全自動型にすることにおいてインフラを整えるのは必須事項です

自動運転させるにはGPSやレーダースキャナーなどのセンサーを使います

全国を走っていると山道や海沿い、トンネルや洞門などGPSが届かないところがいまだにいっぱいあります。これらの設備も例えていかなければなりません

それと、日本の道路の高速道路以外の下道は大型トラックやトレーラーには不向きな狭い道がとにかく多い、全国の道路を作り直すだけでも膨大な時間がかかりますね。

国土交通省は当面の目標が2025年を目途に高速道路での自家用車完全自動運転の実現を目指すことだそうです

トラックに関しては高速道路におけるトラック隊列走行の目標は、2020年度に新東名での後続車無人隊列走行を技術的に実現し、2021年度までに高速道路での後続車有人隊列走行の商業化、2022年度以降に高速道路(東京~大阪間)での後続車無人隊列走行の商業化を実現すること

これについては現在では新名神で6車線化が進められていますね

一部地域の高速道路に限ったことでは近いうちに無人トラックが走り出すかもしれませんがこれは、路線便などで決まった場所へ行くことに限定してです

今後は新しく中継地点のセンターを作ったり道路を作ったりと長い時間がかかります

下道まではまだまだ時間がかかるでしょう

理由2と3,レベル5の到達とコスト

自動運転はレベル1〜レベル5まであり2020年現在のトラックの自動車運転のレベルは2です

乗用車はレベル3まで

下記の表は国交相の画像になります

国土交通省から引用

インフラがある程度整いレベル4までになったとしても下道走行ではまだドライバーが必要ですし、レベル5に達するまではまだまだ時間がかかりそうですね

もしレベル5のトラックが開発できたとして、全自動の運転、積荷の荷崩れや車両の故障やオイル漏れがわかるなどのセンサーを搭載するのにどれほどのコストがかかるのでしょうか、今の運送業者の大半が中小企業です。

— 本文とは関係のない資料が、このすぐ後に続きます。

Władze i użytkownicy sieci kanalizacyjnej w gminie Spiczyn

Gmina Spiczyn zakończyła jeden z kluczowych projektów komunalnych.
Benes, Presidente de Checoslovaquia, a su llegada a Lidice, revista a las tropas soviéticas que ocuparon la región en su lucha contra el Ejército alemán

それだけ車両にコストをかけれる会社ばかりじゃないと思うんですよね

理由4,積みおろし

例え運転がレベル5になったとしても積みおろしの問題があります

小型、中型、大型、トレーラー積荷は色々ありますし荷役も色々。

大手の配送センターなどでは単純な作業の積み込みは自動で運ばれて来るようにはなってきているそうですけどね

リフトも単純な仕事なら全自動になるのは早そうかなと思います

宅配の荷物などはドローンでも運べるようになるかもしれませんが大型の荷物や積み方などまだロボットだけでできるようになるとは思えません

全自働運転になっても、積み込みと積みおろしが完全にロボットがやってくれる時代までは荷役に運転手がいると思います

運送業の仕事を16年以上していますがいまのところなんにも変わって無いですよ、オートクルーズがちょっと進化したくらいで仕事自体積みおろしもやってる事は一緒!

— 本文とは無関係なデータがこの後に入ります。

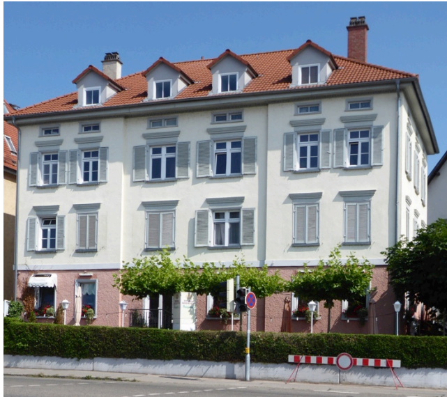
Wohn- und Geschäftshaus Ecke Olga-/Eugenstraße

An „königliche Zeiten“ erinnert noch die Architektur des Hauses an der Ecke Olgastraße/Eugenstraße und das ehemalige Schulhaus in Fischbach.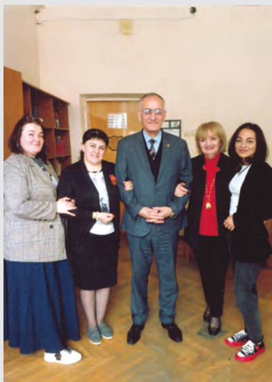
Журналистикæйы факультеты ахуыргæнджытимæ

5Gの時代になりこれからAIなどの性能がどれだけのスピードで発達していくかは専門家ではないのでわかりませんし、もしかしたら急に発達していくのかもしれませんが当面はここでも運転手は必要と思います

理由5,全天候型

自動運転は今のところレーダーやセンサーで完治してブレーキや速度を出しているんですよね

僕の今乗っているトレーラーの場合悪天候や雪がついたりするとレーダーがオフになるんですよ

多分大体の車が今こんなもんだと思います

当面自動運転が実施されるのは天候がよく、雪が降らない高速道路に限定されると思います

長距離を走るトラックには無理な話ですよ

ある程度の自動運転が進んでもこの問題が残っていると自動運転がオフになり、結局中にいる運転手が運転しないといけませんよね?

そうなると、運転手はやっぱり必要なんですよ。自動運転だから!人手不足だから!って免許だけ持ってるような今まで大型やトレーラーに乗った事ない人を乗せてたらその状況になった時いきなり運転なんかできないです

よって、この問題が解決されるまでしばらくは運転手としての経験が必要な職業には変わりありません

理由6,雪道

雪が多いところへ行くと除雪してないところとか吹雪でホワイトアウトしてる時とか自動運転無理でしょっ!って思います

センサーの問題は〝問題5〟で言いましたが雪が多いところでは役に立たなくなります

積荷を積んでいる時、液状物や動く物を積んでいる時や路面の凍結時、ブレーキングの仕方は事故につながります

アイスバーンで下り坂を下っている時に排気ブレーキをかけたりするとかなり危ないんです(排気はタイヤロックする可能性があります、使い方も気をつけないとトレーラーの場合、排気やエンブレはヘッドだけに効くものなので滑りやすい路面で使うとヘッドは止まろうとしているのに台車にはブレーキがかかっていない状態で押してくるのでジャックナイフなどの危険もある)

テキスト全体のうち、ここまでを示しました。